(Dataset items)

== Segment start ==

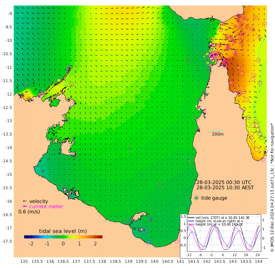 8cm/s 117T +3cm/s rms + 7cm/s -42T. ARA-GOC87 57m 29cm/s 168T +3cm/s rms + 2cm/s -2T. ARA-GOC87 60m 3cm/s -115T +2cm/s rms + 3cm/s 61T. ARA-GOC87 47m 186cm Daru 175cm Bobo Island 83cm Meer Island Barge 127cm Bramble Cay 168cm Unnamed Cay 167cm Pearce Cay 153cm Stephens Island 169cm Merrie England Shoals 194cm Mutacomal Reef 134cm Darnley Island Barge 94cm East Cay 155cm Yorke Island Barge 172cm Rennel Island 159cm Aureed Island 170cm Dungeness Reef 154cm Zagai Island 164cm Yam Island 116cm Dauan Island 107cm Saibai Island 117cm Phipi Reef 164cm Warrior Reef - West 96cm Mabuiag Island Barge 171cm Half Way Island 175cm Coconut Island 182cm Dugong Islet 172cm Poll Island 176cm Kirkcaldie Reef 153cm Suarji Island 162cm Sue Islet 63cm Hawkesbury Island 150cm Alert Patches 158cm Twin Island 65cm Badu Island 157cm St Pauls (Moa Island) 89cm Kubin (Moa Island) 126cm Ince Point 107cm Thursday Island 112cm Nardana Patches 86cm Turtle Head 58cm Round Island 47cm Goods Island 15cm Booby Island 32cm White Rocks Area -6cm Carpentaria 135cm Papou Point 9cm Bampfield Head 6cm Crab Island 31cm Red Wallis Island 77cm Packe Island 195cm Harrington Reef 35cm Herald Camp 45cm Sharp Point 73cm Red Island Point 101cm Possession Island 157cm Alpha Rock 175cm Frederick Point 192cm Wyborn Reef Light 192cm Tetley Island 88cm Triangle Reef 191cm Turtle Head Island 87cm Maclennan Cay 50cm Raine Island 155cm Mcsweeny Reef 136cm Collette Reef 85cm Shadwell Reef 147cm Hannibal Island 131cm Round Point -1cm Vrilya Point 113cm Cape Grenville 99cm Hicks Island 99cm Sir Charles Hardy Island 34cm Harvey Island 90cm Kay Reef 66cm Rocky Island 53cm Chapman Island 52cm Ham Reef 64cm Jubilee Reef 64cm Night Island 56cm Unnamed Reef No. 3 70cm Morris Island 54cm 1st 3 Mile Opening 63cm Creech Reef 76cm Fife Island 64cm Eden Reef 69cm Stanley Island 81cm Normanby River -8cm Yabooma Island 8cm Hutchison River -12cm Elcho Island -9cm North West Crocodile Island 20cm Cape Wessel 14cm Stevens Island 51cm Guluwuru Island -8cm Hopeful Bay 7cm Auster Point 13cm Two Island Bay 35cm Cadell Strait 123cm Mallison Island 36cm Melville Bay (Gove Harbour) 40cm Truant Island 25cm Cape Arnhem 5cm Cape Grey -4cm Hawk Island -39cm Milner Bay (Groote Eylandt) -29cm Cape Beatrice -45cm West Island -60cm Centre Island -37cm Mornington Island -34cm West Wellesley Islands -54cm Bountiful Island -81cm Albert River Mouth -106cm Sweers Island -77cm Karumba -7cm Nassau River Offshore 11cm Christmas Creek 0cm Archer River 9cm Boyd Point -2cm Weipa (Humbug Point) 1cm Pennefather River -3cm Cullen Point
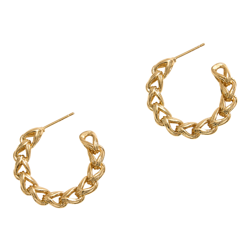 Details • Size : 1.2" X 1.2" • Post Back • Make a chic statement with these chain-link hoop earrings. Designed with interlocking links that form a bold open hoop, they bring a modern twist to classic styling. Perfect for everyday wear or evening outfits, they add texture, dimension, and effortless sophistication. • Brass • Gold Dipped • Hypoallergenic • Lead and Nickel Compliant • Made In Korea
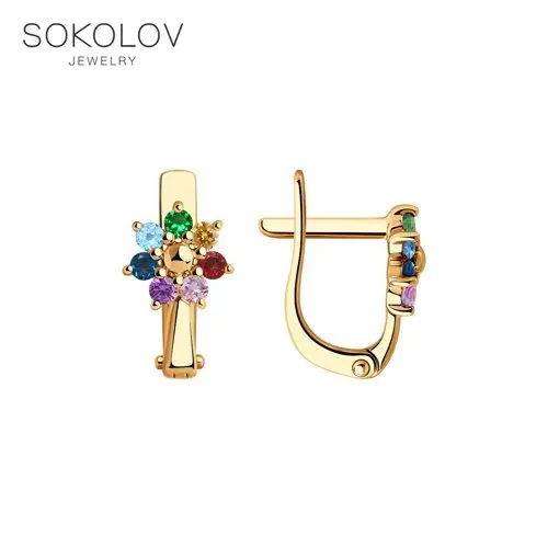 Серьги SOKOLOV из золота с миксом камней, Золото, 585, Детские, Серьги 2022 тренд, Оригинальная продукция
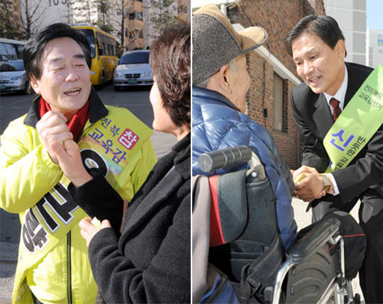 6·2 지방선거 교육감 예비후보 등록이후 첫 휴일인 7일 오근량 후보와 신국중 후보가 주말 유세활동을 하고 있다.
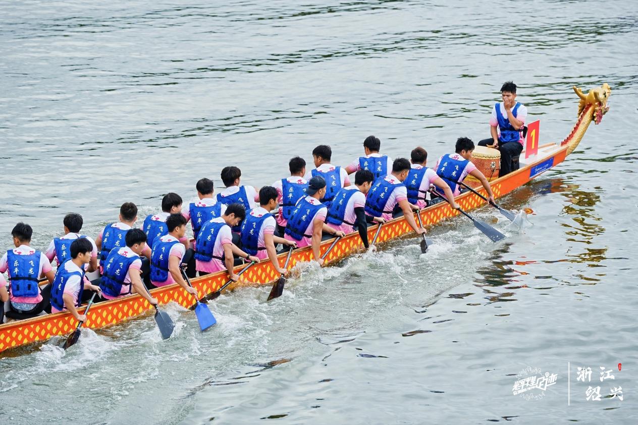 随着一声清脆的发令枪响,激昂的鼓点在鉴湖江上空回荡。22人龙舟如离弦之箭,在清澈的水面上划出一道道银弧。飞溅的浪花与岸边古朴的水乡民居相映成趣,勾勒出“百舸争流鉴江水,龙舟竞渡醉柯桥”的秀美画卷。
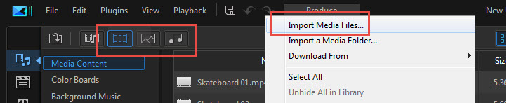 Step 2. Import video clips and music you like to edit into the Media content bin.
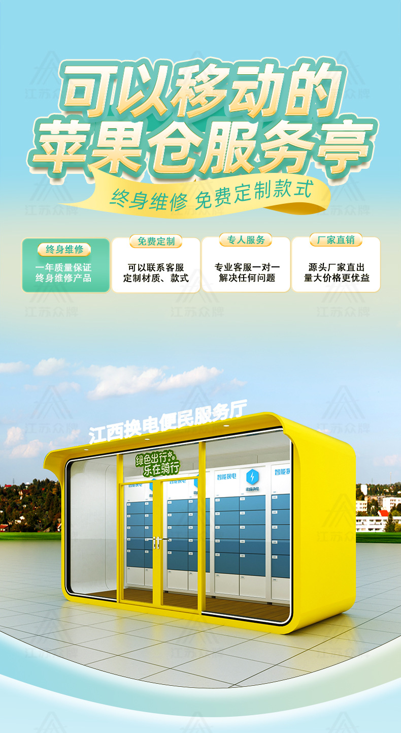 Apple Warehouse producto terminado Smart Station Commercial Street Intercambio de energía comercial Convenience Lounge Scenic Spot Creative Mobile Quiosco
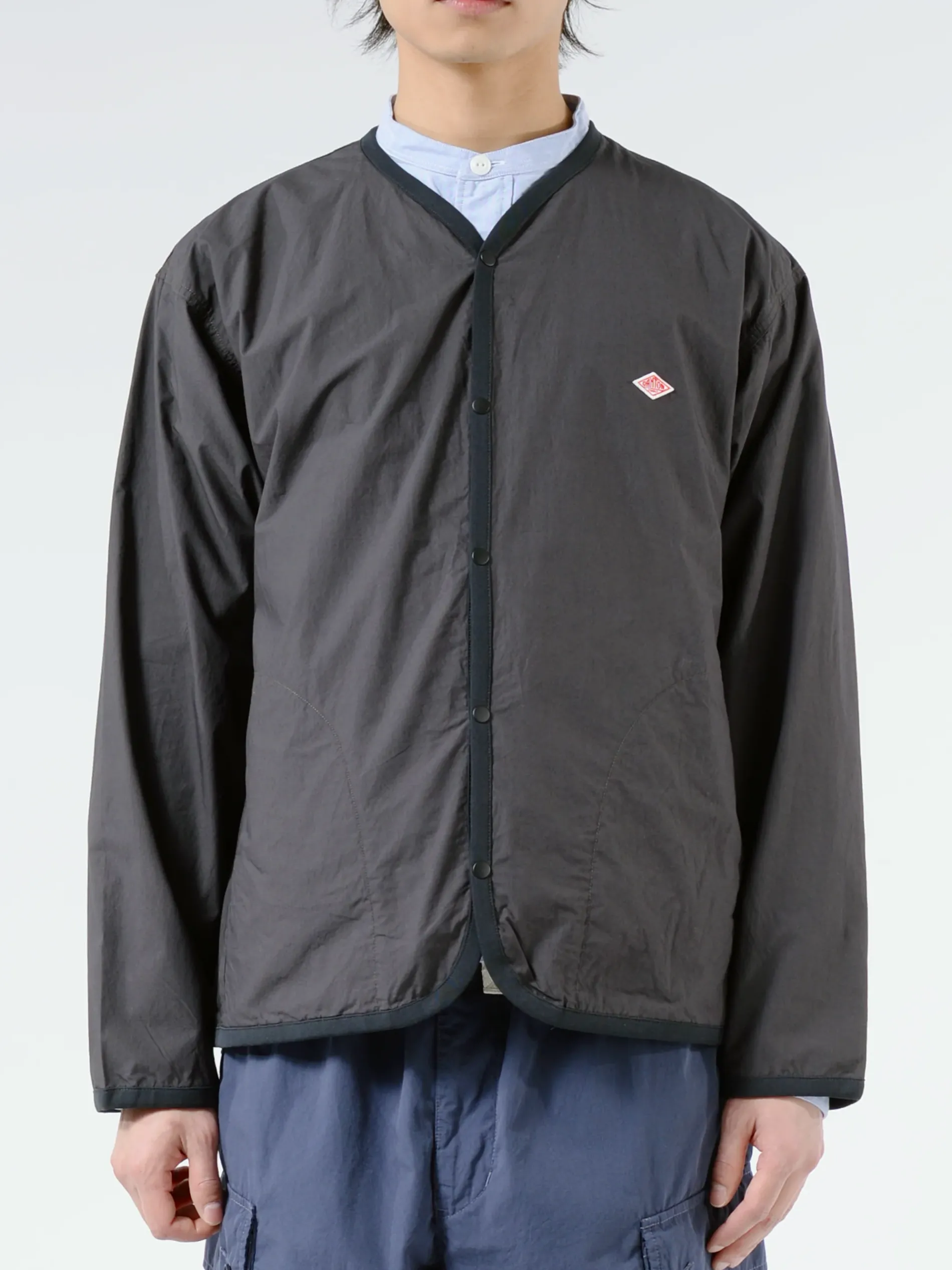 Danton shirt cardigan made from a broadcloth cotton woven with ultra-high density 80 thread.
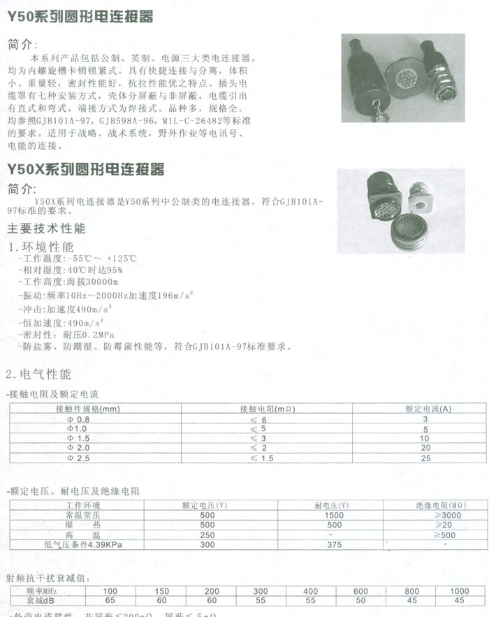 Y50X系列圆形电连接器
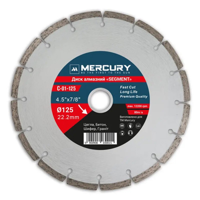 Алмазний диск SEGMENT MERCURY призначений для швидкого та ефективного різання твердих будівельних матеріалів. Сегментована кромка забезпечує високу швидкість різу та ефективне охолодження, що особливо важливо при роботі з щільними матеріалами.
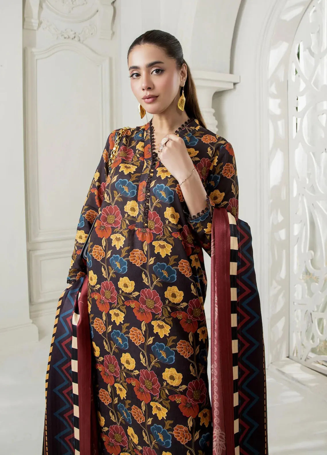Meerak Pret Printed Khaddar 3 Piece Suit Ember Rose
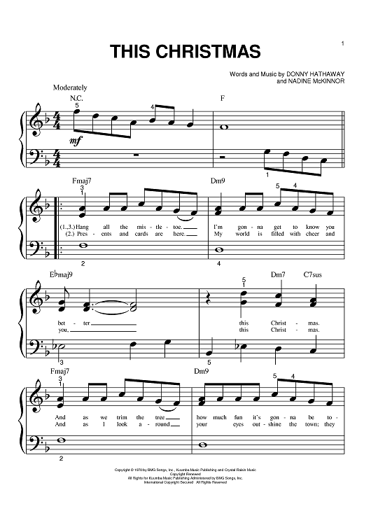 Digital Sheet Music for This Christmas by Nadine McKinnor, Donny Hathaway scored for Big Note Piano; id:374814
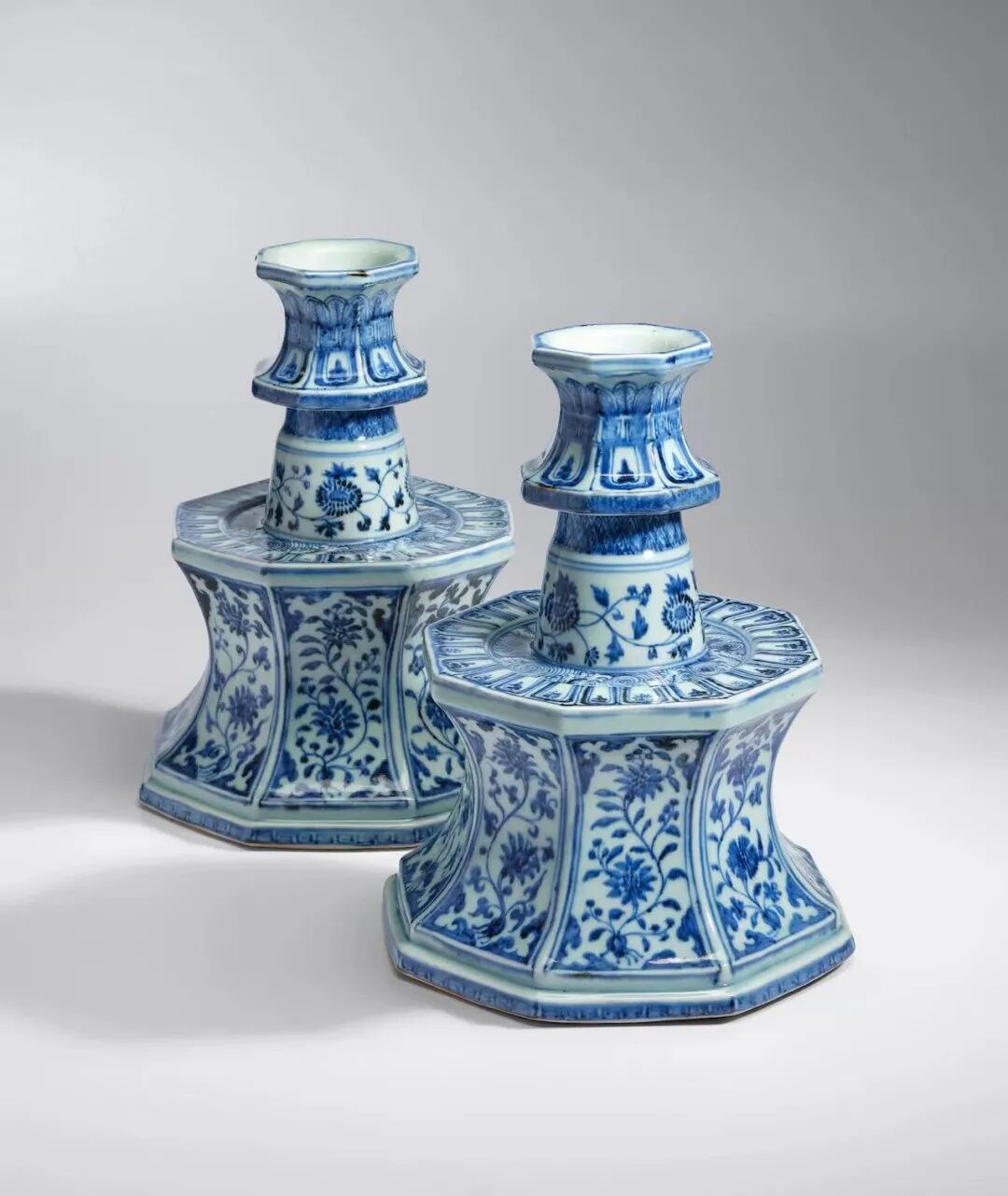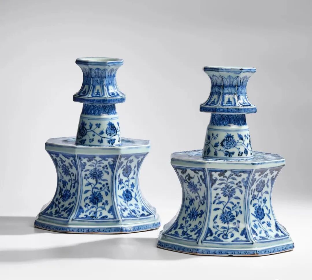 Lot0123明永乐 青花缠枝花卉八方烛台一对
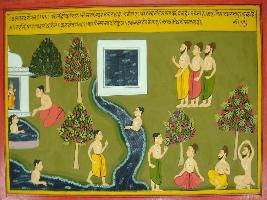 | Description / विवरण | Miniature painting based on Mahabharat - Vana parva depicting diffrent tirtha. After visiting Suraj tirtha, next tirth would be of Lakshmivana near the bank of Saraswati river. One day. some sages came to Lakshmivana they went to Kurushetra. After Kurushetra, Saraswati river is flown near by. There is one forest situated near Sarawati river which gives fruits of one ashmedha yagna to visitor. |
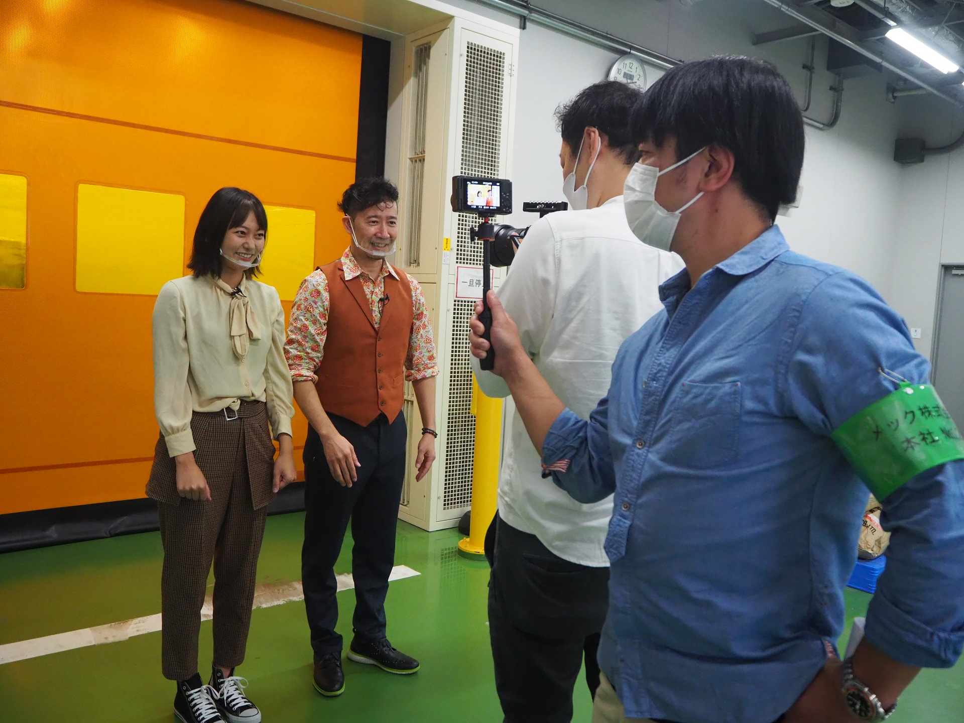 続いては、キャプテンとアヤノちゃんの登場シーンを撮影しているね。ふたりの後ろにあるオレンジの扉が上から降りてくるタイミングを何度もはかっていたよ。どのシーンもいきなり撮影するんじゃなく、リハーサル(練習)を繰り返してから本番の撮影に入るんだって。

== Segment end ==

- Task instructions -
What is wanted is an exact copy of the lines from the line with "Danton shirt cardigan" through the end of the records, both ends included, pictures excluded.

- Exercise answer -
 Danton shirt cardigan made from a broadcloth cotton woven with ultra-high density 80 thread.
 Y50X系列圆形电连接器
 Алмазний диск SEGMENT MERCURY призначений для швидкого та ефективного різання твердих будівельних матеріалів. Сегментована кромка забезпечує високу швидкість різу та ефективне охолодження, що особливо важливо при роботі з щільними матеріалами.
Meerak Pret Printed Khaddar 3 Piece Suit Ember Rose
 Digital Sheet Music for This Christmas by Nadine McKinnor, Donny Hathaway scored for Big Note Piano; id:374814
 Lot0123明永乐 青花缠枝花卉八方烛台一对
 | Description / विवरण | Miniature painting based on Mahabharat - Vana parva depicting diffrent tirtha. After visiting Suraj tirtha, next tirth would be of Lakshmivana near the bank of Saraswati river. One day. some sages came to Lakshmivana they went to Kurushetra. After Kurushetra, Saraswati river is flown near by. There is one forest situated near Sarawati river which gives fruits of one ashmedha yagna to visitor. |
 続いては、キャプテンとアヤノちゃんの登場シーンを撮影しているね。ふたりの後ろにあるオレンジの扉が上から降りてくるタイミングを何度もはかっていたよ。どのシーンもいきなり撮影するんじゃなく、リハーサル(練習)を繰り返してから本番の撮影に入るんだって。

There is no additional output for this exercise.